- Poster
- Directed by: Joële Walinga
- Edited by: Joële Walinga
- Distributed by: Mubi
- Release dates: 2022 (South by Southwest); March 20, 2023 (US and Canada);
- Countries: US; Canada;

= Self-Portrait (2022 film) =

2022 documentary film

Self-Portrait is a 2022 Canadian documentary film made from unlocked surveillance footage collected from around the world. Directed and edited by Joële Walinga, the film is a curated collection of 166 shots taken from surveillance cameras, and follows the seasons of one single year. The film was made with the support of the Canada Council for the Arts and shown with the support of Telefilm Canada. All sound in the picture was created from scratch using foley and freesound downloads, and was designed by Walinga and Portuguese sound designer, Ines Adriana.

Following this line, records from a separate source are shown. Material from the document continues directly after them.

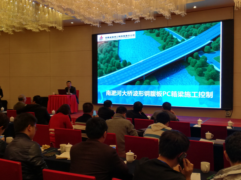 本次会议以安徽路港公司承建的南淝河大桥为工程背景,详细介绍了波形钢腹板桥梁的概况、发展与创新、桥梁类型的应用技术、波形钢腹板生产制造及施工控制等,内容丰富,涵盖全面。安徽路港郎溪路项目部赵家俊作为特邀讲师,对南淝河大桥波形钢腹板PC箱梁的施工控制进行了论述,深受与会人员好评。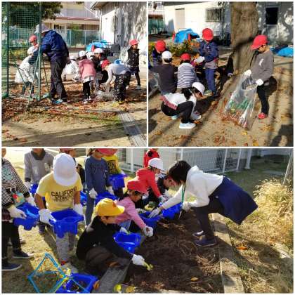 クリーンピックの時間を使って、落ち葉拾いと同時進行で球根を植えています。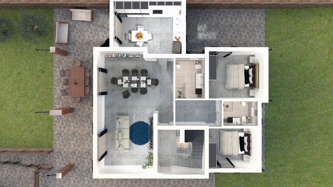 La mancanza di finiture permette all’acquirente di terminare la casa con la dimensione delle stanze e la loro collocazione come meglio si adatta alle proprie esigenze. Anche i materiali e i colori possono essere scelti a proprio piacimento.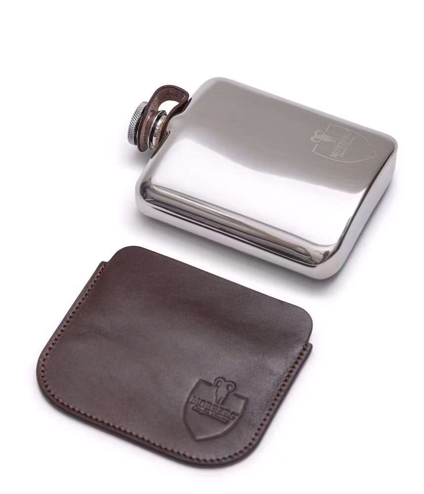 Fickplunta från Morberg By Orrefors av rostfritt stål som kommer med ett fodral av äkta läder.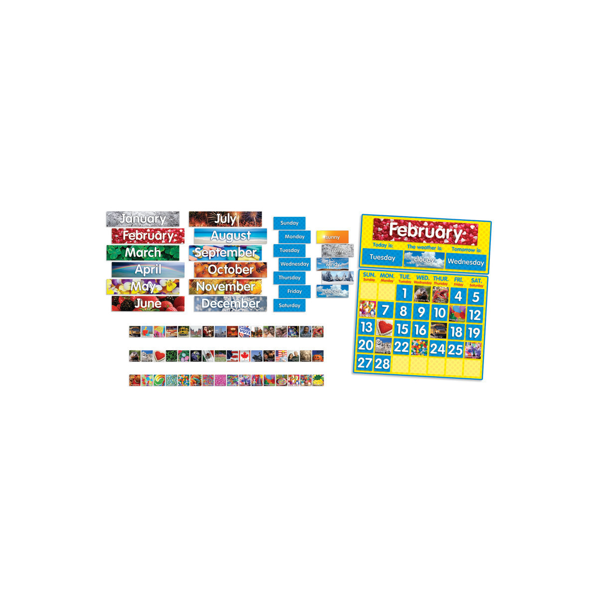 Bright, colorful photographs make this highly engaging calendar a must-have in every classroom! Includes a large, blank calendar frame, 12 monthly labels, 7 day-of-the-week cards, 33 date cards, 48 special day cards, and 5 weather cards. Includes an activity guide.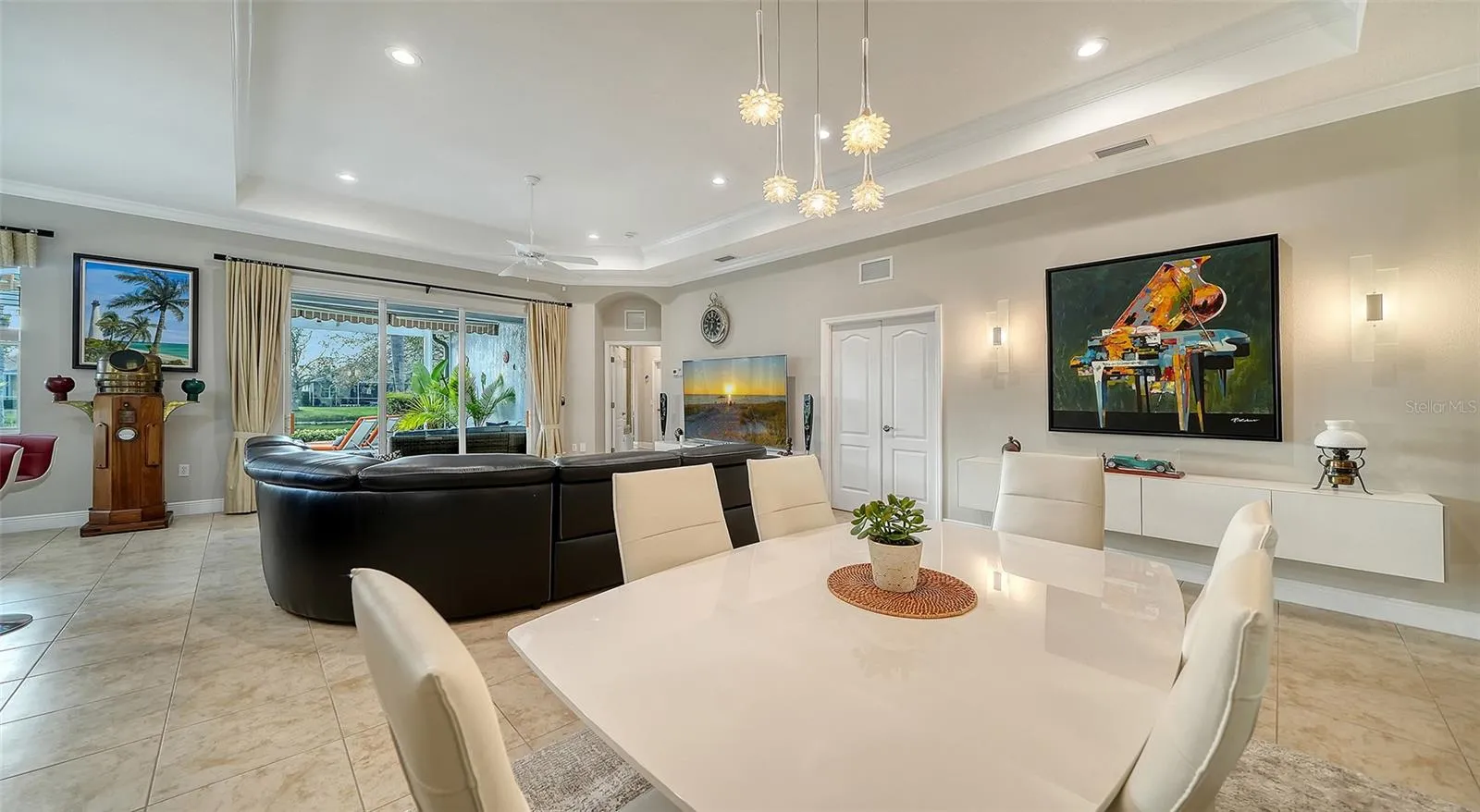 LOCATION, LOCATION, LOCATION! Beautifully maintained and ideally positioned within the highly sought-after community of Wisteria Park, this exceptional residence offers the perfect blend of elegance, comfort, and Florida lifestyle living. Just minutes from pristine Gulf beaches, premier dining, and upscale shopping, the location is truly second to none. This spacious three, bed, two bath home plus a versatile den enjoys captivating water views and offers generous space for both everyday living and entertaining. Upon entry, you are welcomed into a bright, open-concept living area highlighted by soaring tray ceilings, crown molding, and an abundance of natural light. A defined dining space thoughtfully frames the tranquil lake views, while the expansive great room features sliding glass doors that seamlessly extend the living space to the outdoors. The extended lanai is a true showpiece, complete with clear view panoramic screening and coveted western exposure providing front-row seating to breathtaking sunsets. Designed for elevated outdoor living, this impressive space includes gas and electric connections for a future summer kitchen, electronic awnings for additional shade, and a peaceful setting to relax while enjoying serene water views and Florida wildlife. The open kitchen is both functional and refined, offering generous cabinetry, expansive work surfaces, a center island with breakfast seating, a closet pantry, and new top-tier appliances including an induction range and a refrigerator which displays your personal photos. A charming breakfast nook overlooks the lake, creating a picturesque start to your day. The primary suite is a private retreat, featuring hardwood oak flooring, stunning water views, dual walk-in closets, and a spa-inspired bath with dual vanities, a garden tub, and a glass-enclosed walk-in shower. The den, complete with custom built-ins, is currently configured as an office but easily adapts to a fourth bedroom, media room, or creative space. Two additional well-sized guest bedrooms and a guest bath provide comfort and privacy for family and visitors. Additional highlights include plantation shutters, impact windows, central vacuum, a inside utility room, and an air-conditioned two-car garage with upgraded 20000-lumens lighting. With low HOA fees, maintenance-free grounds, and a community pool just steps away, this home offers effortless living in a beautifully maintained neighborhood. With easy access to the renowned Gulf beaches of Anna Maria Island and Holmes Beach, as well as Robinson Preserve, De Soto National Memorial Park, and The Nest, this location offers endless opportunities to enjoy some of the area’s most treasured coastal destinations. Whether you are seeking a full-time residence or an elegant seasonal retreat, this property delivers location, lifestyle, and luxury in one remarkable offering.

Self-Portrait had its world premiere at the 2022 South by Southwest film festival, won the Special Jury Prize for National Features at the Montreal International Documentary Film Festival in 2022, and was released on Mubi in the US and Canada on March 20, 2023.

== Synopsis ==
Directed by artist and filmmaker Joële Walinga, with sound design by Ines Adriana, Self-Portrait is a tapestry of footage collected from surveillance cameras around the world over the past four years, woven together as a poem. The film travels from moment to moment — from the frozen storminess of winter, to the melt of spring, the lush heat of summer, and, finally, to the decay and cooling of autumn: the dawn of winter. Self-Portrait takes a candid peek at humanity as it has chosen to document itself — all of these cameras set up primarily for capitalistic, “property”-protecting purposes, but yielding a beauty and a truth — an incidental portrait.

==Reception==
The film was described as "pure cinema" by the head of film at South by Southwest Janet Pierson in Realscreen ahead of its world premiere. The film screened to mixed reviews, with some critics finding it aimless and boring, and others describing it as "mesmerizing," "a remarkable achievement." The film was included as a New York Times pick of international films to stream in spring 2024.

===Film festivals===
Self-Portrait had its World Premiere in March 2022 at the South by Southwest Film Festival in the Visions section. The film screened at festivals and programs including Jihlava International Documentary Film Festival, Prismatic Ground, the Montreal International Documentary Festival, and MDFF Selects among others.